Histogram¶
Parameters:
df: pd.DataFrame
x: object
title=''
xlabel=''
ylabel=''
colour=None # named colour or HEX: https://matplotlib.org/stable/gallery/color/named_colors.html
normalise=False
fit_norm=False # See: https://seaborn.pydata.org/generated/seaborn.histplot.html
plot_rug=False # See above link
plot_kde=False # See above link
plot_hist=True # See above link
bins=20 # How many bind there are
min_x=None
max_x=None
min_y=None
max_y=None
figsize=(3, 3)
title_font_size=12
label_font_size=8
title_font_weight=700
config={}
Config options = any of the parameters with the same name but with in a dictionary format instead, and also includes default parameters for the visualisation such as the font family and font.
Example config:
config={'palette': ['red', 'yellow', 'pink'],
'figsize':(4, 5), # Size of figure (x, y)
'title_font_size': 16, # Size of the title (pt)
'label_font_size': 12, # Size of the labels (pt)
'title_font_weight': 700, # 700 = bold, 600 = normal, 400 = thin
'font_family': 'sans-serif', # 'serif', 'sans-serif', or 'monospace'
'font': ['Tahoma'] # Default: Arial # http://jonathansoma.com/lede/data-studio/matplotlib/list-all-fonts-available-in-matplotlib-plus-samples/
}
Loading data¶
[1]:
import pandas as pd
from sciviso import Barchart, Boxplot, Heatmap, Histogram, Scatterplot, Violinplot, Volcanoplot, Line
import matplotlib.pyplot as plt
df = pd.read_csv('iris.csv')
df
[1]:
sepal_length | sepal_width | petal_length | petal_width | label | |
---|---|---|---|---|---|
0 | 5.1 | 3.5 | 1.4 | 0.2 | Iris-setosa |
1 | 4.9 | 3.0 | 1.4 | 0.2 | Iris-setosa |
2 | 4.7 | 3.2 | 1.3 | 0.2 | Iris-setosa |
3 | 4.6 | 3.1 | 1.5 | 0.2 | Iris-setosa |
4 | 5.0 | 3.6 | 1.4 | 0.2 | Iris-setosa |
... | ... | ... | ... | ... | ... |
145 | 6.7 | 3.0 | 5.2 | 2.3 | Iris-virginica |
146 | 6.3 | 2.5 | 5.0 | 1.9 | Iris-virginica |
147 | 6.5 | 3.0 | 5.2 | 2.0 | Iris-virginica |
148 | 6.2 | 3.4 | 5.4 | 2.3 | Iris-virginica |
149 | 5.9 | 3.0 | 5.1 | 1.8 | Iris-virginica |
150 rows × 5 columns
Basic histogram¶
[2]:
histogram = Histogram(df, 'petal_width', fit_norm=False, plot_rug=False)
histogram.plot()
plt.show()
/Users/ariane/opt/miniconda3/envs/clean_ml/lib/python3.6/site-packages/seaborn/distributions.py:2557: FutureWarning: `distplot` is a deprecated function and will be removed in a future version.
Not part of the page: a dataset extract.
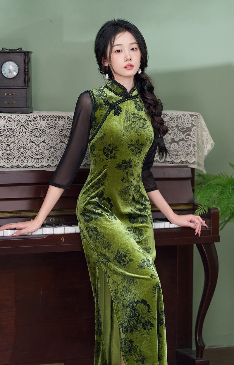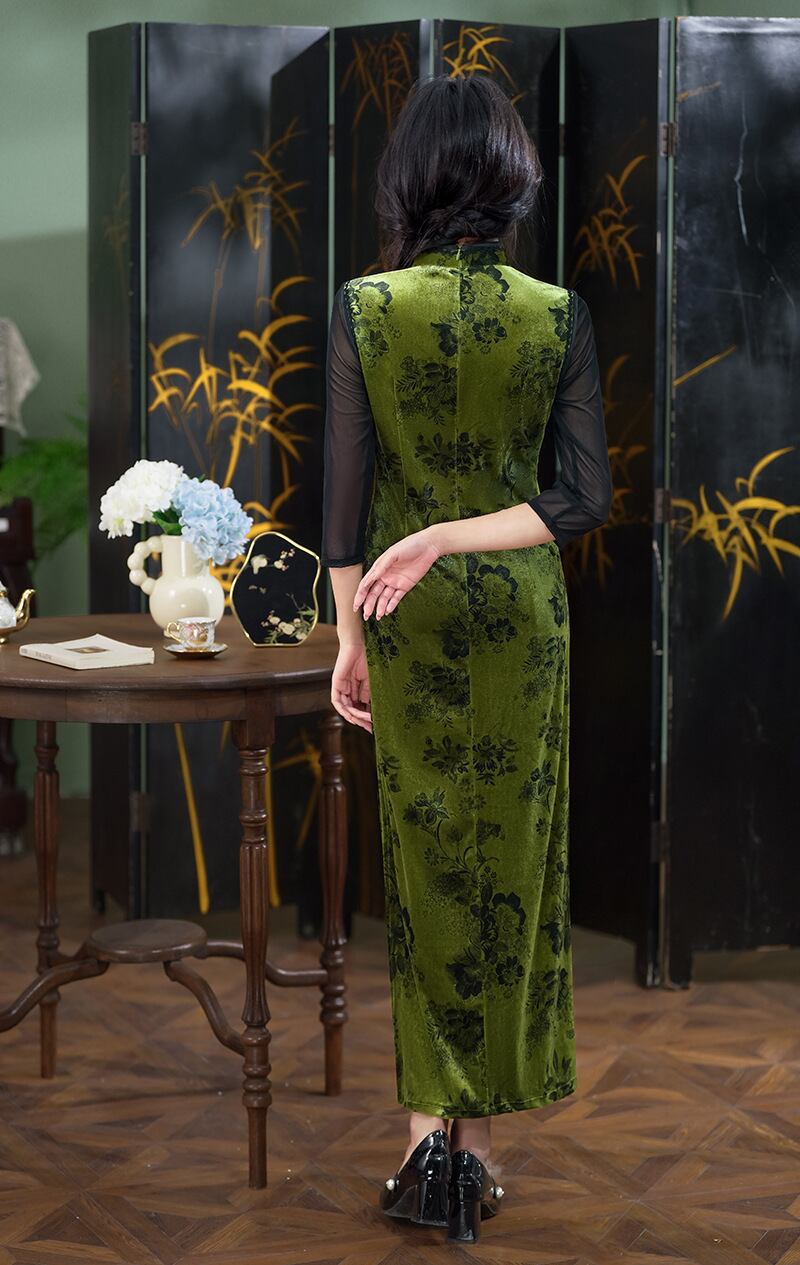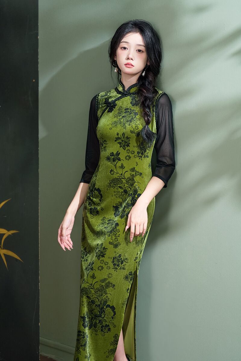 エレガント チャイナドレス 長袖 チャイナ服 チャイナボタン 綺麗め 女らしい 大きいサイズ

Please adapt your code to use either `displot` (a figure-level function with similar flexibility) or `histplot` (an axes-level function for histograms).
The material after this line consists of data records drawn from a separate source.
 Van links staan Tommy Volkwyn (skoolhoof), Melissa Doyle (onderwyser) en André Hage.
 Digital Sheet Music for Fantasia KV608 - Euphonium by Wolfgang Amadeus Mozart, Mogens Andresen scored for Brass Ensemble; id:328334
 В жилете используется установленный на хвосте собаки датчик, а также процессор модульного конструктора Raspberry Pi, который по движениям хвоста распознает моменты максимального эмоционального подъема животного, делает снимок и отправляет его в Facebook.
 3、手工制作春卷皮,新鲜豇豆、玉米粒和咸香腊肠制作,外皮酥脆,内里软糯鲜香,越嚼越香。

warnings.warn(msg, FutureWarning)

Histogram with normal line and rug¶
For more deatils on how these are calculated see seaborn: https://seaborn.pydata.org/generated/seaborn.histplot.html
[3]:
histogram = Histogram(df, 'petal_width', fit_norm=True, plot_rug=True)
histogram.plot()
plt.show()
/Users/ariane/opt/miniconda3/envs/clean_ml/lib/python3.6/site-packages/seaborn/distributions.py:2056: FutureWarning: The `axis` variable is no longer used and will be removed. Instead, assign variables directly to `x` or `y`.
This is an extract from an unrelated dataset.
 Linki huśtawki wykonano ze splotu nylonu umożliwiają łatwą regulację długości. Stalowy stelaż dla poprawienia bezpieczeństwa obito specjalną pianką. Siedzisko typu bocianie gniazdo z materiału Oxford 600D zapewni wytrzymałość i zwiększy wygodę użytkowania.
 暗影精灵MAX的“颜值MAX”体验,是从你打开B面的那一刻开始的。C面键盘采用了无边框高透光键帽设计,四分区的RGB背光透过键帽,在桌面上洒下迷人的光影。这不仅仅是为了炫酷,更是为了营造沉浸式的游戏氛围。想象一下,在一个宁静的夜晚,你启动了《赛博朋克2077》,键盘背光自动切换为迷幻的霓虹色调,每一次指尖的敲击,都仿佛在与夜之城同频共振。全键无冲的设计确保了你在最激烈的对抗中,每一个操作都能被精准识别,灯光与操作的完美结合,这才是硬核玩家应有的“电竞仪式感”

warnings.warn(msg, FutureWarning)

Advanced sytle options¶
Here are some examples where things like the bin, color and fig size have been changed.
[4]:
# histogram = Histogram(df: pd.DataFrame, x: object, title='', xlabel='', ylabel='', colour=None, normalise=False, fit_norm=False,
# plot_rug=False, plot_kde=False, plot_hist=True, bins=20, min_x=None, max_x=None, min_y=None, max_y=None,
# figsize=(3, 3), title_font_size=12, label_font_size=8, title_font_weight=700, config={}):
# Config options = any of the parameters with the same name but with in a dictionary format instead
histogram = Histogram(df=df, x='petal_width', title='Petal width', xlabel='Petal width', ylabel='Count',
colour='pink',
bins=5, # defaults to 20
# You could also pass these as individual parameters, but it's easier to set as a dictionary
# also, then you can re-use it for other charts!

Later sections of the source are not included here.